The cutaneous and percutaneous absorption of acylated IFN-α was, overall, 2.5–5 times greater than IFN-α. Increasing fatty acid chain length from 12 to 16 resulted in increased palmitoyl substitutions to lysine residues in the protein compared with the
parent IFN-α while further fatty acid chain increase lead to a decrease in absorption.

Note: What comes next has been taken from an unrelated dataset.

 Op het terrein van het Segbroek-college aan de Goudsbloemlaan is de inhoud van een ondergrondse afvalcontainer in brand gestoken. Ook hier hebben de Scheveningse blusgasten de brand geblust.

In the early 1970’s it was shown that conjugating fatty acids to bovine serum albumin changed the immune response from humoral to a mainly delayed type hypersensitivity response. Subsequently, it was shown that dipalmitoyl-peptide conjugates in combination with Freund’s complete adjuvant were able to induce antibodies and cytolytic T cells (CTL) and lipopeptides were used.107 The major priority to improve the transmembrane absorption of poorly-absorbed compounds was to impart them with increased membrane-like character, by conjugation to lipidic amino acids and their oligomers. However, the resultant underivatised hydrophobic conjugates were often poorly soluble in water. The problem of maintaining the balance between the lipophilic and hydrophilic properties of the conjugates was addressed by modifying the lipidic amino acids themselves and secondly by conjugating the lipidic amino acids with hydrophilic molecules.108 Lipoamino acid conjugated peptides and lipopeptides have been discussed in detail in section 1.5.

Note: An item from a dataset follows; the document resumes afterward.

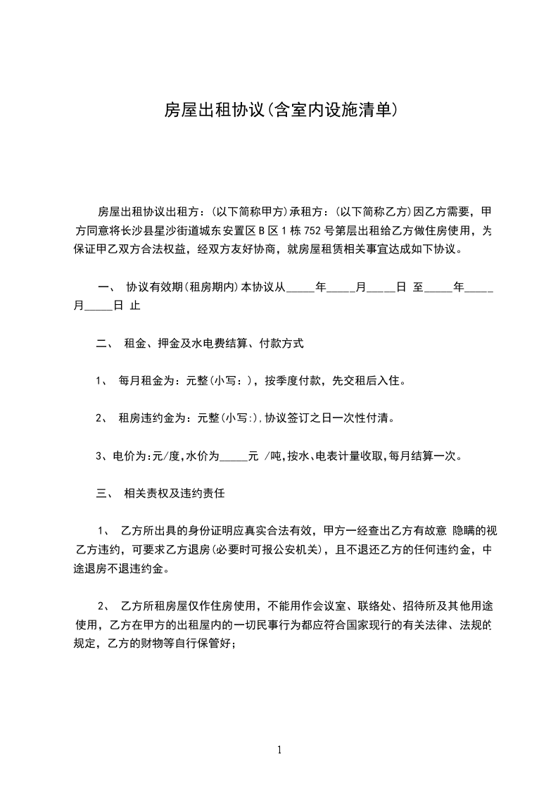 篇1房屋租赁合同

1.3.2.4 Effect of hydration
The state of hydration of the stratum corneum may influence the percutaneous absorption of a drug. The stratum corneum water content at normal relative humidity is between 15 and 20% of dry weight. Increased water content results in increased elasticity and permeability of the stratum corneum, whereas reducing water content will lead to opposite effect.110 One of the proposed mechanisms for the increase in transport of the drug is by water being absorbed into the stratum corneum where it acts as a plasticiser in its bound state (Figure 1.5). Other studies suggest that the stratum corneum not only swells, but also develops multiple folds, resulting in a 37%
increase in surface area.110 Increase in water content of the stratum corneum is associated with a decrease in lipid/protein phase transition temperature indicating lipid disruption and protein denaturation.111 Hydration does not always increase permeation and in case of molecules with strong lipophilic character there was no effect on the absorption rate.